MATERIAL TO PROCESS:
::::::::

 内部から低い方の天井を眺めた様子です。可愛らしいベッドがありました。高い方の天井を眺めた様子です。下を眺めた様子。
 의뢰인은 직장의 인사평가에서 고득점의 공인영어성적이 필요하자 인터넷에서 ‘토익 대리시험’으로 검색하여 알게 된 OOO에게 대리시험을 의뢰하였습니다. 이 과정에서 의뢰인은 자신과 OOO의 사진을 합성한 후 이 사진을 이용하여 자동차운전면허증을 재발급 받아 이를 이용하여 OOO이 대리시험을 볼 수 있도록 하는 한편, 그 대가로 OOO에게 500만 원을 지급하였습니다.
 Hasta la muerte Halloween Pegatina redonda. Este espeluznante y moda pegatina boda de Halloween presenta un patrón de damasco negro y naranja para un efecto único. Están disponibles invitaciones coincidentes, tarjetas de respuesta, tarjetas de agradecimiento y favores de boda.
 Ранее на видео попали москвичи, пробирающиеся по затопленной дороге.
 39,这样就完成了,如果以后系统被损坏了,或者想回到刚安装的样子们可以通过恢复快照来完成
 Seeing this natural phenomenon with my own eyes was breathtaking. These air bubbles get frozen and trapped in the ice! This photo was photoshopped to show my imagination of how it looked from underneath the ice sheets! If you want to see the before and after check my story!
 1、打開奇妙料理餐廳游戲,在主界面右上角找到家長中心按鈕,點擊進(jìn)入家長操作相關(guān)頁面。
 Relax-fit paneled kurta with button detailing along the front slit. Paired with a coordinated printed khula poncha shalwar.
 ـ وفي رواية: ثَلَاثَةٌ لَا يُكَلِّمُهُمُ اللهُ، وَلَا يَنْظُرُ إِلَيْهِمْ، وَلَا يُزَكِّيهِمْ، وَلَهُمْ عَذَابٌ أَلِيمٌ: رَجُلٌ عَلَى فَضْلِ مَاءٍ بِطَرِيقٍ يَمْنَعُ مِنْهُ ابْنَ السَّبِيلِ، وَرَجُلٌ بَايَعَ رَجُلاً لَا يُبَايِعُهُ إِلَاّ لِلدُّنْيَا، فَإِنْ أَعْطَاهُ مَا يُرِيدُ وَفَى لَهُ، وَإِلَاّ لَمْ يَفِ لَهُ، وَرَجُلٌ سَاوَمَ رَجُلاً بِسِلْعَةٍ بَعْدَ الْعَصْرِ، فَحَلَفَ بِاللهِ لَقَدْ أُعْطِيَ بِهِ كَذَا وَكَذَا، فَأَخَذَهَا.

::::::::

WHAT NEEDS TO BE DONE: Write out the records. Leave nothing out and change nothing.

EXERCISE OUTPUT:
 内部から低い方の天井を眺めた様子です。可愛らしいベッドがありました。高い方の天井を眺めた様子です。下を眺めた様子。
 의뢰인은 직장의 인사평가에서 고득점의 공인영어성적이 필요하자 인터넷에서 ‘토익 대리시험’으로 검색하여 알게 된 OOO에게 대리시험을 의뢰하였습니다. 이 과정에서 의뢰인은 자신과 OOO의 사진을 합성한 후 이 사진을 이용하여 자동차운전면허증을 재발급 받아 이를 이용하여 OOO이 대리시험을 볼 수 있도록 하는 한편, 그 대가로 OOO에게 500만 원을 지급하였습니다.
 Hasta la muerte Halloween Pegatina redonda. Este espeluznante y moda pegatina boda de Halloween presenta un patrón de damasco negro y naranja para un efecto único. Están disponibles invitaciones coincidentes, tarjetas de respuesta, tarjetas de agradecimiento y favores de boda.
 Ранее на видео попали москвичи, пробирающиеся по затопленной дороге.
 39,这样就完成了,如果以后系统被损坏了,或者想回到刚安装的样子们可以通过恢复快照来完成
 Seeing this natural phenomenon with my own eyes was breathtaking. These air bubbles get frozen and trapped in the ice! This photo was photoshopped to show my imagination of how it looked from underneath the ice sheets! If you want to see the before and after check my story!
 1、打開奇妙料理餐廳游戲,在主界面右上角找到家長中心按鈕,點擊進(jìn)入家長操作相關(guān)頁面。
 Relax-fit paneled kurta with button detailing along the front slit. Paired with a coordinated printed khula poncha shalwar.
 ـ وفي رواية: ثَلَاثَةٌ لَا يُكَلِّمُهُمُ اللهُ، وَلَا يَنْظُرُ إِلَيْهِمْ، وَلَا يُزَكِّيهِمْ، وَلَهُمْ عَذَابٌ أَلِيمٌ: رَجُلٌ عَلَى فَضْلِ مَاءٍ بِطَرِيقٍ يَمْنَعُ مِنْهُ ابْنَ السَّبِيلِ، وَرَجُلٌ بَايَعَ رَجُلاً لَا يُبَايِعُهُ إِلَاّ لِلدُّنْيَا، فَإِنْ أَعْطَاهُ مَا يُرِيدُ وَفَى لَهُ، وَإِلَاّ لَمْ يَفِ لَهُ، وَرَجُلٌ سَاوَمَ رَجُلاً بِسِلْعَةٍ بَعْدَ الْعَصْرِ، فَحَلَفَ بِاللهِ لَقَدْ أُعْطِيَ بِهِ كَذَا وَكَذَا، فَأَخَذَهَا.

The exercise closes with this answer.